Can someone please tell me what this is called? I need to get a replacement and I have no idea how to search for it.


----------



## farmpony84 (Apr 21, 2008)

that style is a coupler pin


----------



## george the mule (Dec 7, 2014)

Hi AC
Generically, 'em are called "Clevis Pins". They come in lots of different sizes and styles. I would have called that one a "Hitch Pin". A "Coupler Pin" would be a bit more specific, I suppose. You'll find them most anywhere a trailer is involved; my horse trailer has 5 or 6 on it in different locations. My compact tractor has even more.
They get lost and mangled; keep a spare or two in your glove box. Here is one at Lowes for $4. Be sure to check pin diameter and length before placing an order.


https://www.lowes.com/pd/Hillman-2-75-in-Square-Wire-Lock-Pin/3024939?cm_mmc=shp-_-c-_-prd-_-hdw-_-ggl-_-LIA_HDW_126_Fastening-_-3024939-_-0-_-0-_-0&ds_rl=1286981&gclid=EAIaIQobChMInID6oaiH9AIVBDI4Ch0fqQxUEAYYBCABEgI6LPD_BwE&gclsrc=aw.ds


----------



## horselovinguy (Oct 1, 2013)

In your local Tractor Supply.
Look where the farm tractor things are..
Hardware stores, Lowe's and Home Depot also have these...as George showed.

I found them on Amazon.... $8.99 for a 10 pack assorted...

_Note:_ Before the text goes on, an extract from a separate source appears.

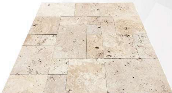
Commercial (ECO) Travertine French Pattern (Tumbled)

Amazon.com: CZC AUTO Shaft Locking Pin 10 Pieces Trailer Coupler Pin, Dia 1/4 Inch Safety Coupler Pin for Farm Lawn Garden Wagons Trailer Hitches Couplers Towing, Square and Arch, Heavy Duty : Automotive


Buy CZC AUTO Shaft Locking Pin 10 Pieces Trailer Coupler Pin, Dia 1/4 Inch Safety Coupler Pin for Farm Lawn Garden Wagons Trailer Hitches Couplers Towing, Square and Arch, Heavy Duty: Automotive - Amazon.com ✓ FREE DELIVERY possible on eligible purchases



www.amazon.com




Do measure and or bring it with you so you get the correct size and shape in your local store..
These are not expensive and do *not* need to be...
Yes, another of those items it doesn't hurt to have a extra one or two around and they don't break the bank to purchase and just sit around unused.
🐴


----------



## ACinATX (Sep 12, 2018)

Thanks! Yes, good thinking, I will get a couple of them to have around...

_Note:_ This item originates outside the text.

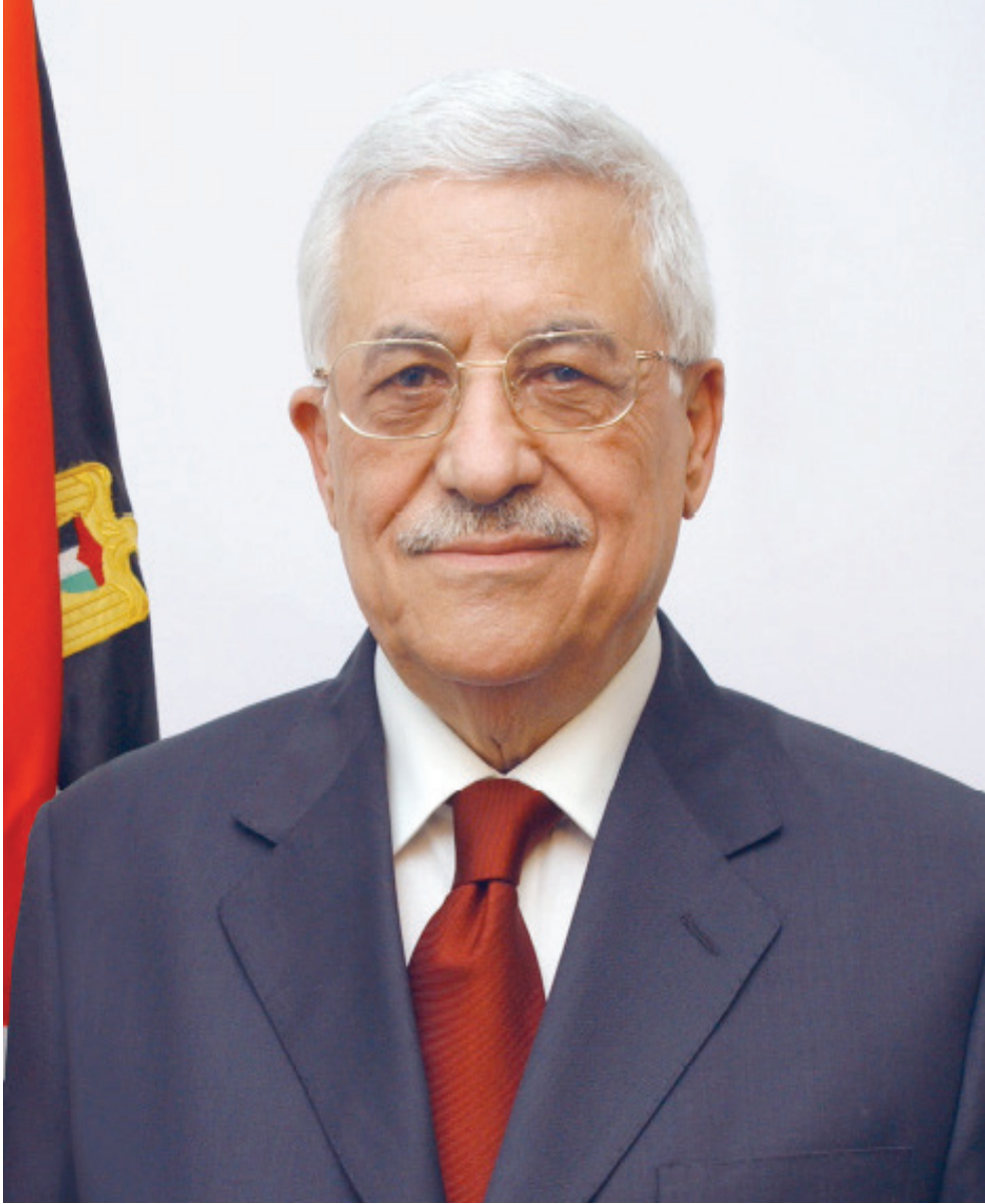
فخامة الرئيس محمود عباس حفظه الله

A followup question: this one on Lowes says it's a 2.5 inch pin:


https://www.lowes.com/pd/Hillman-2-5-in-Square-Wire-Lock-Pin/3024937?cm_mmc=shp-_-c-_-prd-_-hdw-_-ggl-_-LIA_HDW_126_Fastening-_-3024937-_-0-_-0-_-0&ds_rl=1286981&gclid=Cj0KCQjw8p2MBhCiARIsADDUFVEWkkRDh0oleR6kXsy5-KYpKKF99r94wlOtL2GmRhP23j3nEP-MXdkaAooiEALw_wcB&gclsrc=aw.ds



Does that mean the longest part of the pin is 2.5 inches, or the effective size of the pin is 2.5 inches, or the bar it's meant to fit is 2.5 inches?


----------



## horselovinguy (Oct 1, 2013)

They measure 3/8" rod diameter x 2.5" long...that is what mine is.
They come in different diameter and length...just take it with you and if not sure ask someone working in the department to help you match it for the same...
🐴...


----------



## Woodhaven (Jan 21, 2014)

When you go to get the replacement I would also advise you to get a couple of them and keep a spare in the truck so you have an extra one if the one you are using gets lost. 
I have two of them as spares.


----------



## Dreamcatcher Arabians (Nov 14, 2010)

Keep a spare in your glove box, a couple in a tack box in the trailer and 2 or 3 in a drawer in the barn or the house, wherever you keep your horsey accessories. Whatever you do, don't give them to your husband and trust him to put them in the roll away, when you need one you won't be able to find it and he won't remember what he did with it. Can you tell I'm speaking from experience?


----------



## horselovinguy (Oct 1, 2013)

We have put a thin chain on our pin so it can't get "lost" then screwed it to the side of the trailer tongue.
So far since we did that "I" have not lost or misplaced the pin when hubby hitches up for me...  
🐴...


----------



## george the mule (Dec 7, 2014)

ACinATX said:


> Does that mean the longest part of the pin is 2.5 inches, or the effective size of the pin is 2.5 inches, or the bar it's meant to fit is 2.5 inches?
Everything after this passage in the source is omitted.